There are significant echoes in the songs: The chord progression in “Devil in Me” bears a strong similarity to the Clash’s “Should I Stay or Should I Go”, with a little Stooges and some Swinging Blue Jeans mixed in; “61/49” is built on a Bo Diddley-style beat, while “Midnight to Six Man” can sound a little like the Standells meet the Smithereens, suffused with a healthy dose of the ’60s Brit-rock of the Pretty Things; and “I Need You” is a near perfect rip-off of the Kinks’ original, a catchy little rocker that should probably be the follow-up single to the big, brawny “Out of My Mind (Into My Head)”.
The disc is at its best when the tempo is hot — slower songs like the mid-tempo rocker, “New Kinda Pain” and the pseudo-psychedelic “Paint the Sky” just do not work that well, primarily because the lyrics rarely rise above rock and roll cliché. “When Will It End”, for instance, is a rather pale attempt at social commentary, though it has a pretty strong rock groove built on Burke’s frenzied drumming (reminiscent of his best work with Blondie), which keeps the listener from having to focus on its banalities.

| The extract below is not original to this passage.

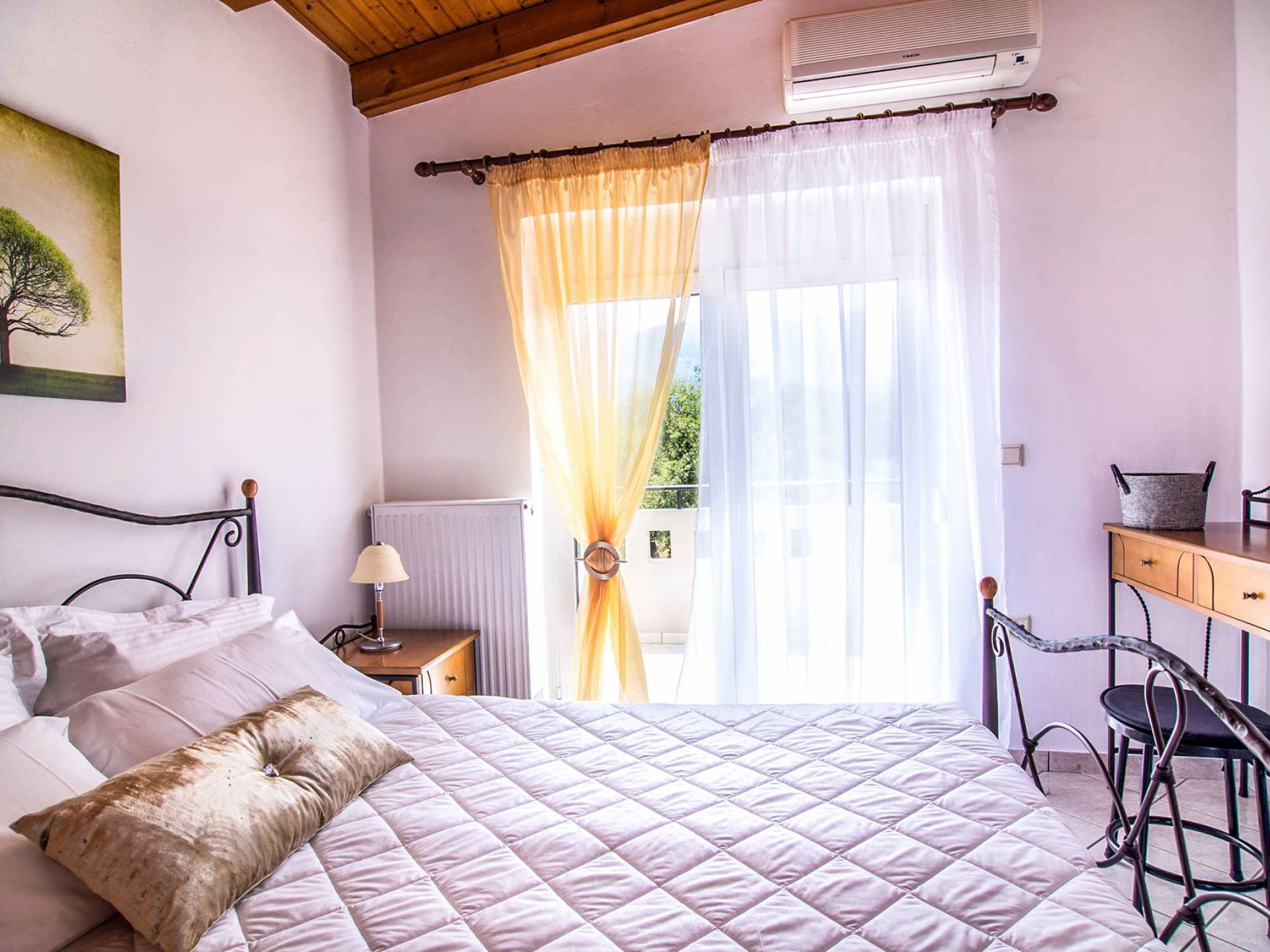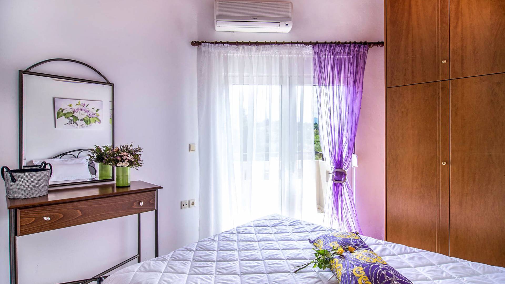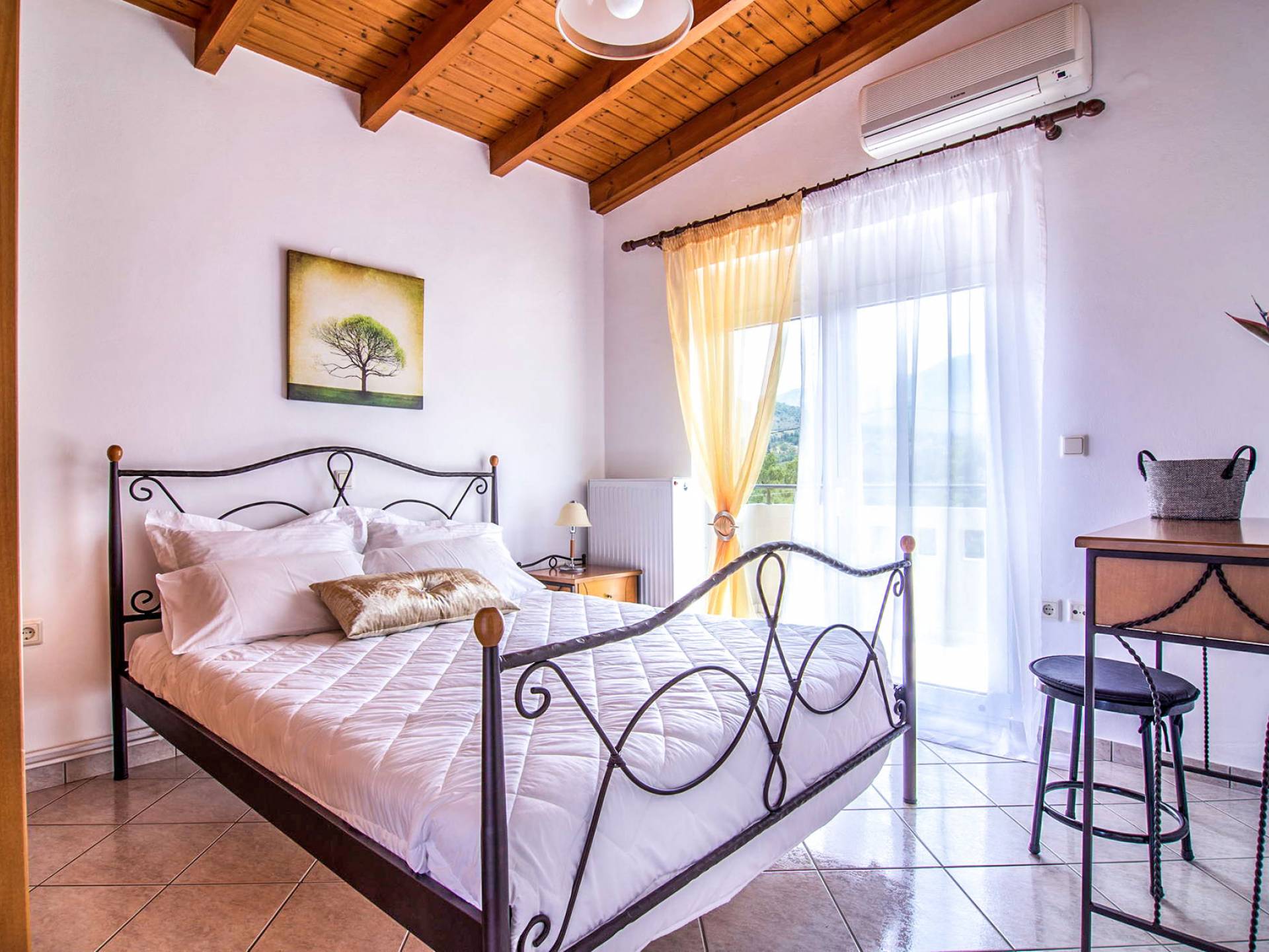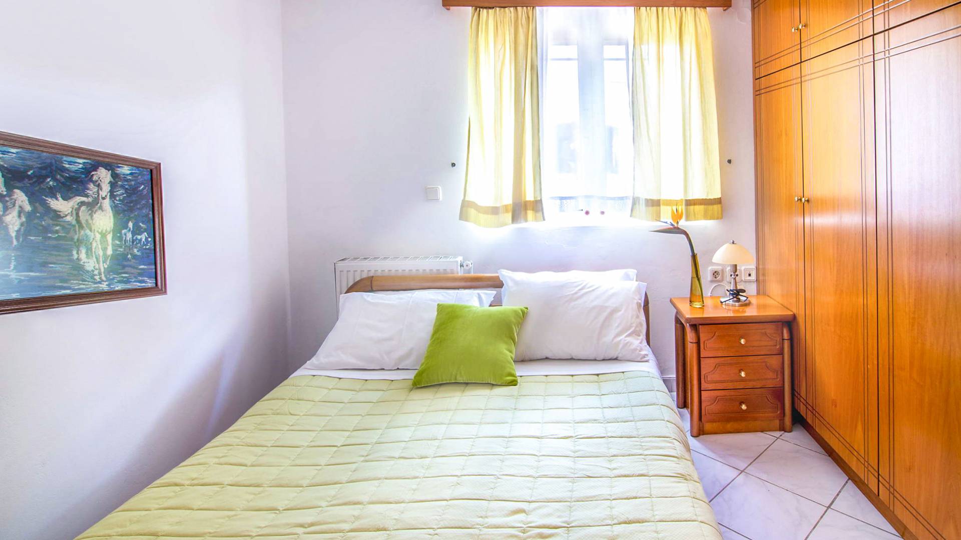Marmortreppen führen in den zweiten Stock, wo sich drei schräge Schlafzimmer mit Holzdecke befinden, jedes mit einem eigenen großen Wandschrank und jedes mit einem separaten Balkon mit freiem Blick auf Apokoronas. Zwei der Zimmer verfügen über ein Doppelbett, das dritte über zwei Einzelbetten. Alle Schlafzimmer sind mit Klimaanlagen ausgestattet. Auf der gleichen Etage befindet sich das geräumige Hauptbadezimmer mit Whirlpool und einer Tuchwaschmaschine. Das Haus im Erdgeschoss ist eine schöne Herberge mit niedrigem Dach und einem Schlafzimmer, einer voll ausgestatteten Küche, einem Badezimmer und einem Wohnzimmer mit direktem Zugang zu den herrlichen Gärten der Villa. Das Schlafzimmer hat ein Doppelbett, einen großen Schrank und ist klimatisiert. Ebenfalls im Erdgeschoss befindet sich neben dem Hostel ein privater Raum, der auf Anfrage als Fitnessstudio für Personal Training dient.

Ultimately, this is a good guitar/bass/drum record that will fly below the radar and probably disappear without getting the listening it deserves. And yet, in many ways, 61/49 can be seen as a less-hyped version of the Strokes’ Is This It or Room on Fire — perhaps not consistently as strong a record, but no less rocking. The difference is that The Strokes, to a great degree, are the product of media hype and promotion, the next big thing, the darlings of the conventional wisdom, while the Romantics are nothing more than a rock and roll band supposedly past its prime.
Certainly, the Romantics were not — and will never be — a critically important band. But they are a rock-and-roll band meant to be played loud in the tradition of their Detroit forebears, the Stooges and the MC5 — just like the Strokes, the White Stripes and the Ataris. And there ain’t nothing wrong with that.